If there was a lesson learned throughout this entire experience, it is that you never know how things will end up in life. One moment you get on a plane to travel to a place the entire world labels as virus-ridden and dangerous. Several months later, that same place is the envy of the world. The whole situation is completely out of my control, as I can’t influence government policy nor whip up a vaccine in my studio apartment. If I would have opted to stay in Kenya a few more weeks, then I probably would have had to confront the virus in Nairobi. Perhaps the number of infected people living in Kenya simply weren’t able to be traced and documented. Where would I be better off?

Despite all the chaos, I am free to do all the activities that made me fall in love with South Korea. I can go to the local fermented bean paste soup shack for a home-cooked meal. I can take a bus across the country and visit thousand-year-old Buddhist temples while being showered by cherry blossom leaves tumbling in the wind. I can take a bullet train to the sea and listen to the waves rustle and crash on the sandy shore.

Seven months have passed since I returned to the place Bengali poet, author, and songwriter Rabindranath Tagore referred to as the Land of the Morning Calm. I can’t wait for the day to come when I can look back at this moment in a few years and know I did everything possible to combat the spread of the virus. It is so simple. Stay home and wear a mask whenever you leave the house.

Staying at home in my single room apartment while reading, writing, and teaching sends me sailing in a sea of knowledge, creative expression, while making a positive impact on young minds. I am free amid self-imposed quarantine. So many stories need to get onto the page. So many books are out there waiting for me to devour. So many students are waiting for the tools to become stronger versions of themselves. The three activities are all interconnected. The more knowledge and wisdom I am armed with, the better educator and global citizen I will become. I relish this opportunity to come out stronger, wiser, and armed with new skills I pound into myself every second I spend in my box-sized, furniture less home.

True freedom is inside of you and is not determined by which place can eat at and what options you have for entertainment. Being stuck on the idea that you can’t go to the movie theater or eat at your favorite restaurant with your friends is nothing more than mental slavery. Slavery arises from not being able to sit alone with yourself while doing absolutely nothing.
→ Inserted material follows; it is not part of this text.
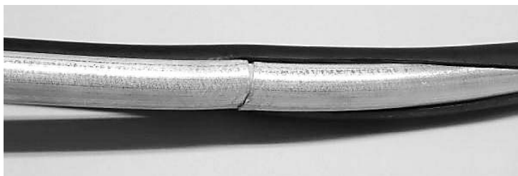
左：幹線の同軸ケーブルに入った亀裂 右：自主放送番組の制作風景

In the West, solitary confinement is referred to as a torture mechanism. However, many spiritual teachers across Asia are convinced that being alone for extended periods of time while doing absolutely nothing is the path to true freedom and liberation from suffering. The free person is content despite any situation the world throws at him or her. The free person views solitary confinement as an opportunity to become more enlightened and cultivate a higher level of self-awareness while freeing herself or himself from the self-imposed shackles of the mind. Use this time to elevate your inner sense of freedom to levels that transcend everything that you thought was previously true.

Freedom, love, silence, truth, enlightenment, the ultimate flowering of your being – all are available to you. The hindrances just have to be removed.